Compassion and orisons for opioid victims

Compassion and orisons for opioid victims

Since embalmers and funeral directors are sometimes mentioned humorously “as the last persons to let you down,” I was pleased to read about one compassionate practitioner touched when performing his duties on young opioid victims. As a former English teacher, I thought he reflected tubercular poet Keats’ line when he learned he would die young: “Here lies one whose name was writ in water,” aka gone too soon.

Too many, Gov. Raimondo said recently about our ranking fifth in the nation in such opiate deaths, 1,250 in the last five years, and nationally 33,000 last year alone. It also reminds me of poet John Donne who once decried even the loss of a clod of Europe as diminishing the continent.

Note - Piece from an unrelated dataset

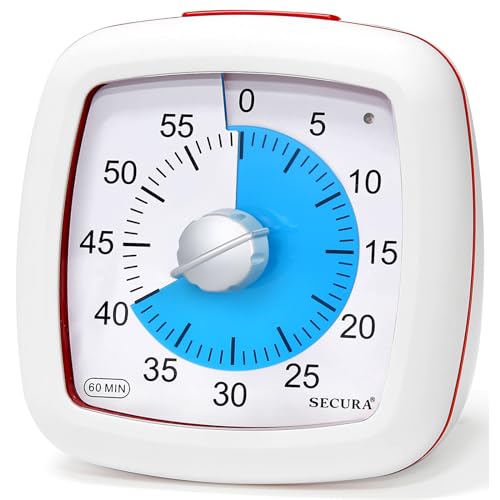 - Product Name: Secura 60-Minute Visual Timer, Silent Study Timer for Kids and Adults, Time Clocks, Time Management Countdown Timer for Teaching (Blue & White): TM034-WT-BL

We French Canadians are known for our great devotion to the dead, and as a retired college placement counselor, I read many obituaries, curious about the education of the deceased, their jobs or professions, and their promotion of the common good. The remembrance of the dead is one of the great hallmarks of any culture, and also the recommendation of the Old Testament, since almost every decedent has a stay in Purgatory, a way station before heaven, “to brush off the dross from their overall golden deeds.”

Often I’ve heard this orison at funerals: “May their souls and the souls of all the faithful departed, through the mercy of God, rest in peace.” In fact, the great St. John Vianney (the Cure d’Ars‚) for whom many churches are named, like the one in Cumberland, said many will be surprised on the last day about whom are blessed. I became convinced when murderers Timonthy McVeigh and Al Capone died in God’s graces on their deathbed, and of course the Good Thief on the cross with Jesus.

About so many young obituaries recently, I also wondered how many opioid victims there are. That’s why I admired a mother who revealed that fate in her young son’s obituary, courageously sharing her loss and hopefully a caution to users. Does it lessen their culpability that “this earth is subject to futility,” and that perhaps some opioid victims are “more sinned against than sinning,” as a poet once said? How often is it the curse of poverty, family disruption, neighborhoods as seedbeds of drug use and violence, mediocre education, hollow existence, and lack of moral development?